++++ EXERCISE DATA ++++
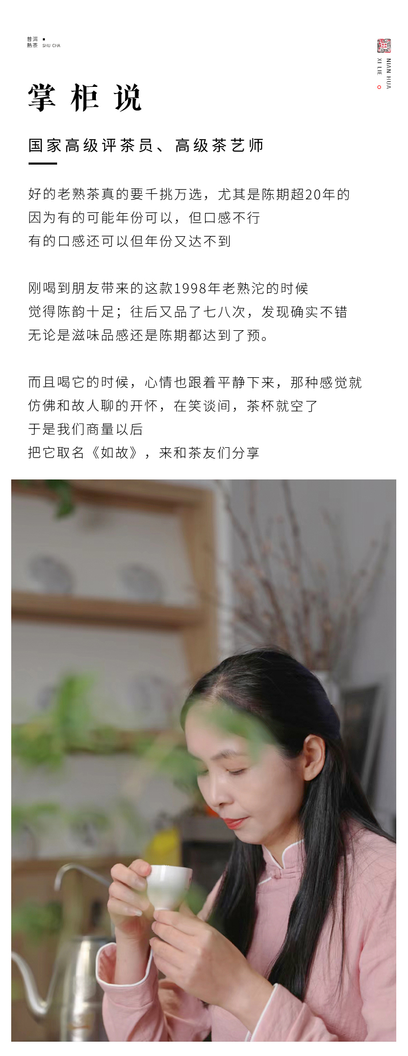 【买5送1】1998《如故》困鹿山熟茶沱 90克/沱
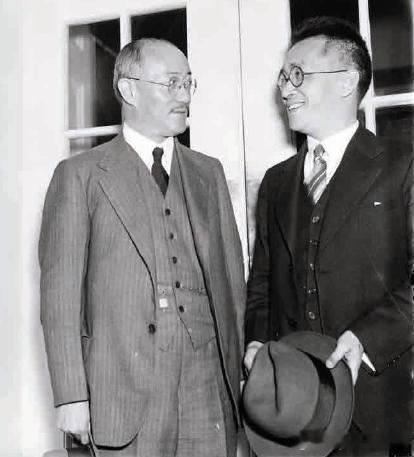 1938年9月美国华盛顿哥伦比亚特区双橡园驻美大使官邸,准备卸任的55岁驻美大使王正廷(左)与准备接任的46岁驻美大使胡适历史影像
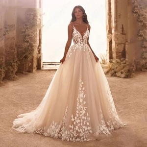 新娘深吊带带领欧美婚纱女重工主蕾丝跨境轻婚纱新款礼服法式外贸
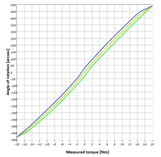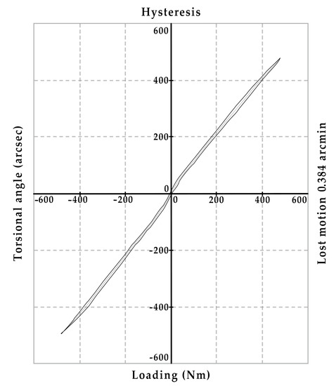 | No. | Type BR/Serial No. | Lost Motion [Arcmin] | Hysteresis [Arcmin] | Natural Frequency Radially—Torsion [RPM/Hz] | Natural Frequency Axially—Tipped [RPM/Hz] |
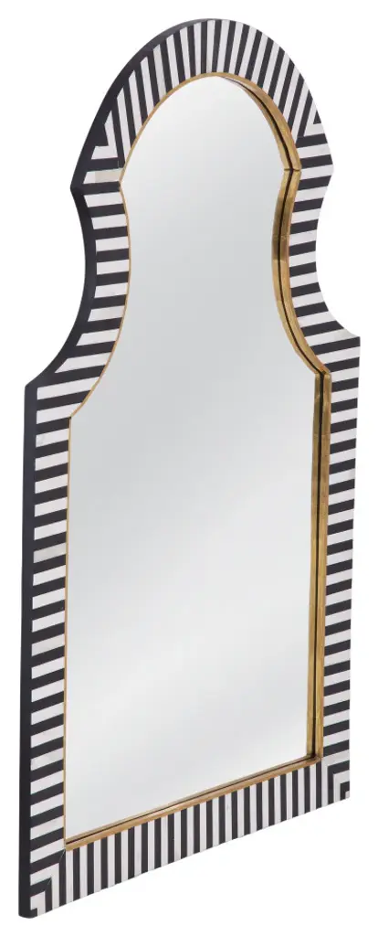 The Martens Wall Mirror showcases a modern boho aesthetic with its captivating arched design and elegant black and cream bone frame. This eye-catching piece adds a touch of sophistication and charm to any space, effortlessly blending contemporary style with timeless appeal. Crafted with meticulous attention to detail, it serves as a versatile accent that enhances the ambiance of your home decor.Features:Exudes modern sophisticationArched design adds an elegant touch to any spaceBone accents add a natural element to any spaceCrafted with quality materials for stylish reliabilityFor over a century, Bassett Mirror has been synonymous with style and quality, transforming homes with its sophisticated and timeless designs. With a wide-ranging collection of furniture, lighting, mirrors, and art, Bassett Mirror seamlessly blends modern style with classic appeal. From rustic modern to luxe glam, each piece is thoughtfully crafted to inspire and elevate any space. Committed to exceptional value and customer care, Bassett Mirror makes it easy for homeowners to create beautiful, personalized interiors with confidence.
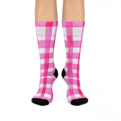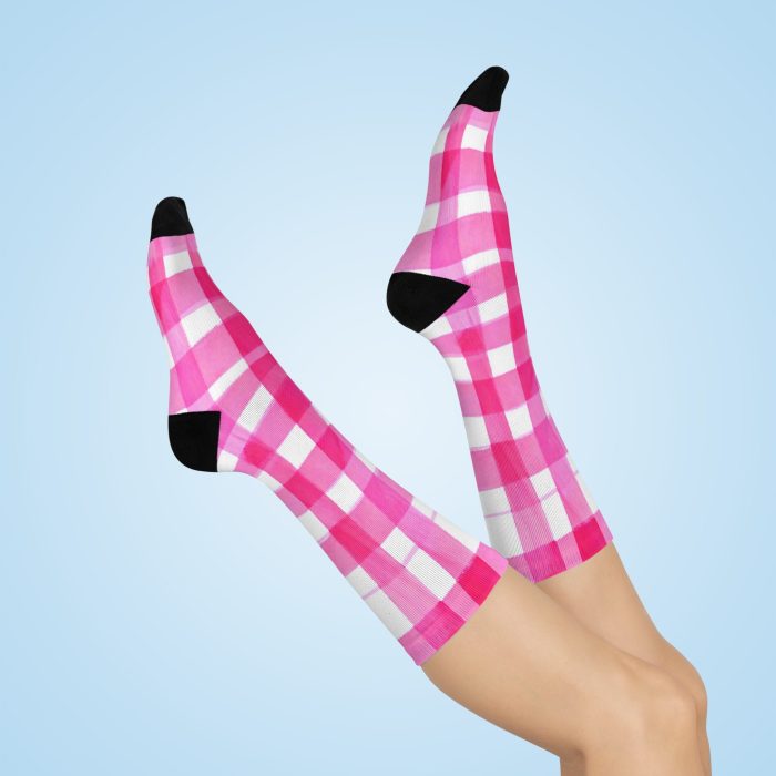 But what truly sets these socks apart is their undeniable style. The striking pink hue and sweet gingham design make them a statement piece that’s sure to command attention and elevate your look to new heights. Pair them with your favorite sneakers, boots, or even clogs for an effortlessly chic ensemble that exudes confidence and individuality.
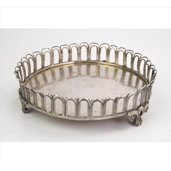 EspañolSalva de prata , estilo de transição D. Maria I / Império, galeria geométrica fenestrada, iniciais gravadas na reserva central. Alt. 06 x 19cm. Brasil inícioséc. XIX ( 330g )
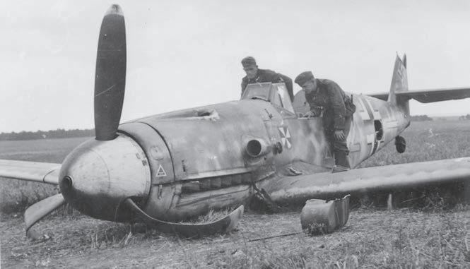 “On May 13, I was scrambled against the Americans by day once again. e P-51s had soon split up our formation and I found myself again caught up in a dog ght, this time over Neubrandenburg. Everything happened so quickly. Several impacts shattered my canopy and slammed into my instrument panel – instinctively I threw my machine into a spin. Recovering some 2000m lower down I noticed that my ying suit was soaked in blood and I had no feeling in my right leg. Seconds later the engine juddered to a standstill. Luckily there were no Americans in the sector and I managed a wheels-up landing in a corn eld at Nienendorf… We were at a loss to understand how our commanders could send us up against P-51s...”
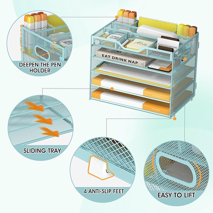 5 Tier Paper Letter Tray with 3 Drop-in Pen Holders, Mesh Desk File Organizer with Handle, Desk Organizers and Accessories for School,Home, Office Supplies Storage-Blue
++++
TASK STATEMENT:
Reproduce the data above exactly, but only from the line containing "新娘深吊带带领欧美婚纱女重工主蕾丝跨境轻婚纱新款礼服法式外贸" through the line containing "Axially—Tipped [RPM/Hz] |"; skip the pictures.

REPLY TO THE EXERCISE:
 新娘深吊带带领欧美婚纱女重工主蕾丝跨境轻婚纱新款礼服法式外贸
 | No. | Type BR/Serial No. | Lost Motion [Arcmin] | Hysteresis [Arcmin] | Natural Frequency Radially—Torsion [RPM/Hz] | Natural Frequency Axially—Tipped [RPM/Hz] |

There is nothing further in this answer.